::: Records supplied

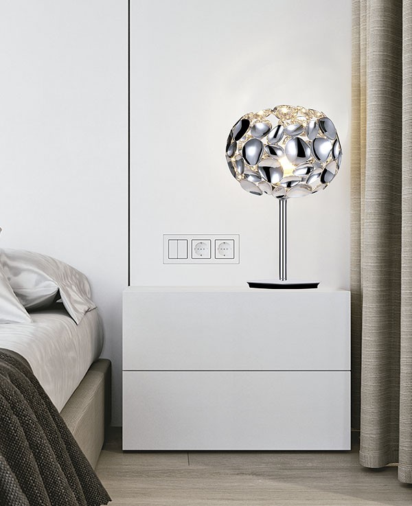 Lampara de mesa con bombilla E27 1x40W dimmer regulador triac – Acabado cromo.
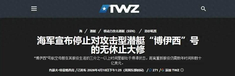 美国海军近日对外宣布,因为整体维修时间过长,且成本效益极低,美国海军正式放弃对博伊西号攻击型核潜艇的维修计划,并将其列入正式退役名单,并启动正式拆解程序。
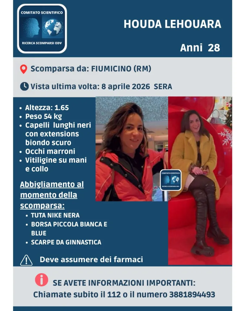 «Chiunque abbia visto Houda o abbia informazioni utili è invitato a contattare immediatamente il 112», spiegano dal Comitato Scientifico Ricerca Scomparsi OdV.
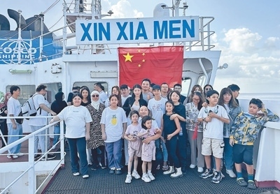 撤離人員在“新廈門號”輪上合影。外交部供圖
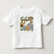 T-shirt dos animais da selva do bebê, canecas, bodysuits, cartões, etiquetas, sacolas, e outros roupa e presentes animais da selva que caracterizam um macaco, um elefante, um girafa, um leão, e um hipopótamo.
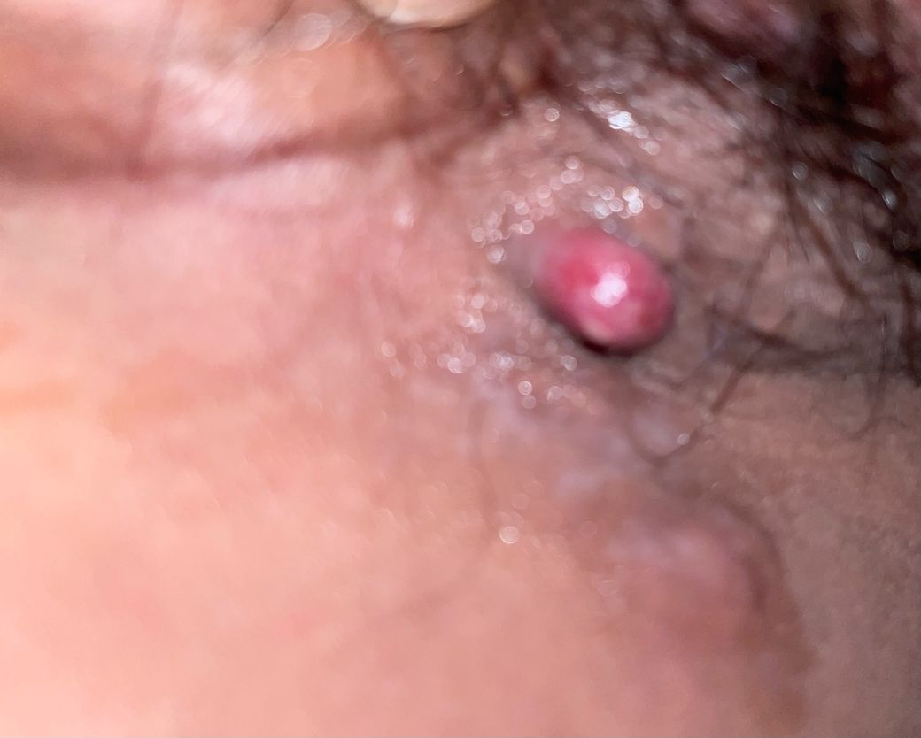 쥐젖(연성 섬유종)은 보통 피부색 또는 갈색이고 통증이 거의 없으며, 따갑거나 쓰린 증상은 드뭅니다. 반면 사진처럼 붉고 표면이 벗겨진 상태에서 통증과 자극감이 반복된다면, 외음부 피부에 생긴 염증성 육아종(화농성 육아종), 반복 마찰로 인한 외음부 피부 폴립, 또는 모낭염·피부염이 반복되며 튀어나온 병변일 가능성을 고려합니다. 팬티라인은 지속적인 마찰과 습기로 이런 병변이 커지거나 쉽게 아플 수 있습니다.
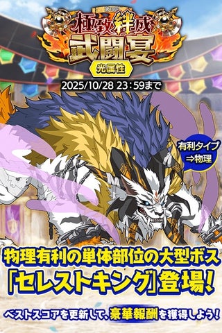 - 新イベント「極致絆成武闘宴」が開催、光属性ボスに挑戦しハイスコアを目指す。

::::::

■ Your goal ■
Only the pictures stay behind; copy everything else in the records above exactly.

■ Response ■
 Lampara de mesa con bombilla E27 1x40W dimmer regulador triac – Acabado cromo.
 美国海军近日对外宣布,因为整体维修时间过长,且成本效益极低,美国海军正式放弃对博伊西号攻击型核潜艇的维修计划,并将其列入正式退役名单,并启动正式拆解程序。
 «Chiunque abbia visto Houda o abbia informazioni utili è invitato a contattare immediatamente il 112», spiegano dal Comitato Scientifico Ricerca Scomparsi OdV.
 撤離人員在“新廈門號”輪上合影。外交部供圖
 T-shirt dos animais da selva do bebê, canecas, bodysuits, cartões, etiquetas, sacolas, e outros roupa e presentes animais da selva que caracterizam um macaco, um elefante, um girafa, um leão, e um hipopótamo.
 쥐젖(연성 섬유종)은 보통 피부색 또는 갈색이고 통증이 거의 없으며, 따갑거나 쓰린 증상은 드뭅니다. 반면 사진처럼 붉고 표면이 벗겨진 상태에서 통증과 자극감이 반복된다면, 외음부 피부에 생긴 염증성 육아종(화농성 육아종), 반복 마찰로 인한 외음부 피부 폴립, 또는 모낭염·피부염이 반복되며 튀어나온 병변일 가능성을 고려합니다. 팬티라인은 지속적인 마찰과 습기로 이런 병변이 커지거나 쉽게 아플 수 있습니다.
 - 新イベント「極致絆成武闘宴」が開催、光属性ボスに挑戦しハイスコアを目指す。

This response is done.